Darwin’s legacy of scientific racism cannot be attributed solely to this typological remainder in his thinking. The issue of continuity – of evolution as a process of gradual and continuous change – kept open, more fundamentally, the possibility that all living creatures, including humans, could be situated on an evolutionary scale. As I began to discuss in Chapter 2, the linear notion of time that undergirds the idea of continuity was not, Grosz argues, Darwin’s own. On the contrary, she writes, Darwin ‘construed [life] as a confrontation with the accidental as well as the expected, a consequence of the random as well as the predictable. It is the response, the very openness, of material organization to the dynamism of time’ (Grosz 2004: 7). Unlike that of ‘virtually all of his followers’, therefore, Darwin’s ‘model of time and development … refuses any pregiven aim, goal, or destination for natural selection’ (Grosz 2004: 90):

[Darwin] refuses anything like the telos or directionality of the dialectic, or a commitment to progressivism in which we must always regard what presently exists as superior to or more developed than its predecessors. We cannot assume that the goal of natural selection is the survival of the individual or the species, nor can we assume that the goal of evolution is the proliferation of progeny.(Grosz 2004: 90)

Despite the persuasiveness of Grosz’s understanding of Darwin, it remains difficult to grasp exactly how ‘[d]‌escent, the continuity of life through time’, allows for a conception of life that generates ‘divergences rather than convergences, variations rather than resemblances’ (Grosz 2004: 7). The very concept of descent lends itself more readily to the mistaken idea of ‘the transmission of invariable or clearly defined characteristics over regular, measurable periods of time’ (7). Darwin himself did not help here, for in order to illustrate that ‘there is no fundamental difference between man and the higher mammals in their mental faculties’ (Darwin in Grosz 2004: 58) – ‘and by “fundamental”, [Darwin] means unbridgeable, unobtainable by small gradations, gradual increments, or elaborations’ (58) – he used the expression natura non facit saltum (nature makes no leaps) at least eight times in On the Origin of Species.

Why did he do this? Arguably, because he was grappling with the counterintuitive, perhaps almost unbelievable, relation between present discontinuity (the vast number of different ‘varieties’ of dogs, for example, today) and past continuity (could they really all share a common ancestor?).8 In place of the polygenist contention of separate origins, Darwin argued that what may look like leaps – the radical discontinuity between humans and frogs, say, that led Nott to state that ‘[y]‌ou [Darwin] may be kin to frogs but I ain’t’ (Nott in Erikson 1986: 114) – are not in fact leaps at all, if one goes far enough back in time.9 ‘This canon [nature does not make leaps]’, Darwin wrote, ‘if we look only to the present inhabitants of the world, is not strictly correct, but if we include all those of past times, it must by my theory be strictly true’ (Darwin 2008: 154). Despite his fidelity to branching processes (see Chapter 2 of this book), and the radical evolutionary implications to which they point, ‘the notion of evolution as a linear progression, with existing species and races providing living evidence of continuity, [was] never far away’ (Boakes 2008: 21). Or, as Stepan puts it: given ‘the type of argument he was making’, later scientists ‘would find it only too easy to interpret Darwin as meaning that the races of man now formed an evolutionary scale’ (Stepan 1982: 55). Herein lies the problem with Darwin’s famous parasol anecdote, in which Darwin draws an analogy between, as Matthew Day puts it, ‘Godless savages and superstitious dogs’ (Day 2008: 49).

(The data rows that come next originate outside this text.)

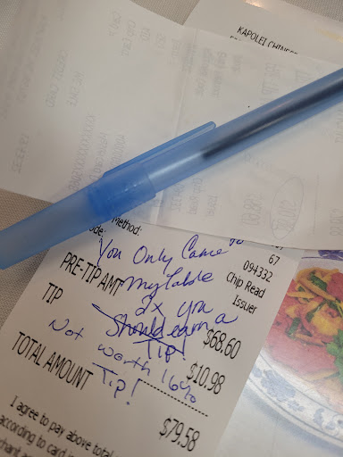 Read moreI can only tell you that this place did not meet my expectations and that I experienced some of the negative things mentioned in yelp reviews about this restaurant. I had dinner with my Ohana. We were served primarily by an older Asian man I presume he was the manager or owner cause he looked the part. He took our order, served some of the food, and made certain that he collected the payment after the meal. I ordered enough food to serve two separate tables of our party. You expect the food to be served at the same time, on both tables but that wasn't the case. Our 2nd table got served some of the same dishes minutes after the 1st table was served and set to begin eating. The food was unexceptional. We also witnessed a commotion in progress with a very unhappy customer. It was loud and unpleasant. One of the comments I heard from the customer to the staff was "your laughing at me doesn't help things and this situation" Appears to be a lack of customer and management service skills. Lastly, the server guy brought my check back to be signed by me, with his tip already entered on the tip line. The tip he entered absolutely did NOT reflect the service or the dining experience. My money was NOT well spent. I learned the hard way and won't be returning unless another restaurant opens here. Try the many other great dining options in the near vicinity or just a few...
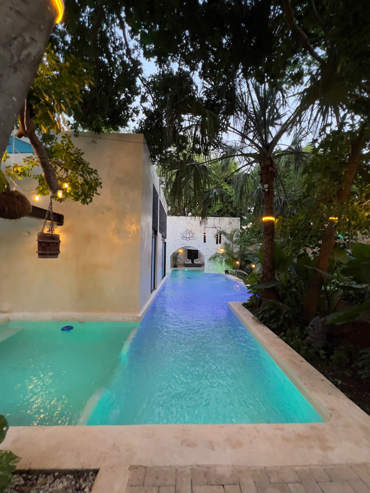 Maravillosa casa con arquitectura colonial yucateca, rescate de muros de mampostería, techos doble altura, arte mexicano en luz negra, sauna, jacuzzi, baño amplio, aire acondicionado, Wifi 200mbps ideal para trabajar, cocina al aire libre, alberca con canal de nado y un jardín hermoso con andadores. Arboles de más de 50 años que por la noche te cautivarán con la iluminación de todo el exterior. Sin duda tenemos un tesoro, y queremos compartirlo! Bienvenido!
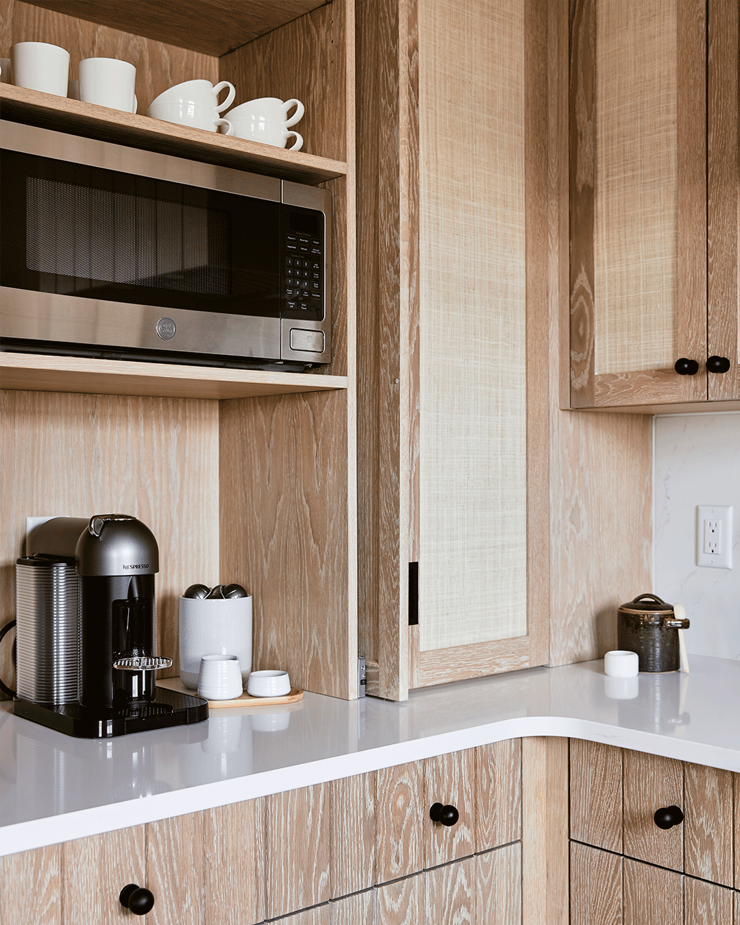 In the U-shaped cooking zone, the pair once again streamlined function with a panel-ready refrigerator, trash pull-out, dishwasher, and pocket hinge doors that disguise a coffee bar. “That way, there are no blind corners,” notes Bennert. The wax-finished white oak cabinets, similar to the floors, are blended with engineered wood so they won’t contort due to the climate.

The parasol anecdote appears in a section of The Descent of Man entitled ‘Belief in God – religion’ (Darwin 1981: 65). If it is difficult, today, to appreciate how significant was Darwin’s attempt to explain the evolution of religion, it is worth recalling that religion had for centuries served in Europe as a proto-racial ideology (Wheeler 2000: 15) and that, in the nineteenth century, it had an important role to play in science, particularly in Britain. The rigid distinction between religious and non-religious people was ‘theoretically unacceptable’ to Darwin, writes Day, ‘because it established an absolute gap between two points in evolutionary history that could not, in principle, be bridged by gradual descent with modification’ (Day 2008: 50). The parasol anecdote is one of Darwin’s answers to that problem. I quote it here in full:

The tendency in savages to imagine that natural objects and agencies are animated by spiritual or living essences, is perhaps illustrated by a little fact which I once noticed: my dog, a full-grown and very sensible animal, was lying on the lawn during a hot and still day; but at a little distance a slight breeze occasionally moved an open parasol, which would have been wholly disregarded by the dog, had any one stood near it. As it was, every time that the parasol slightly moved, the dog growled fiercely and barked. He must, I think, have reasoned to himself in a rapid and unconscious manner, that movement without any apparent cause indicated the presence of some strange living agent, and no stranger had a right to be on his territory.(Darwin 1981: 67)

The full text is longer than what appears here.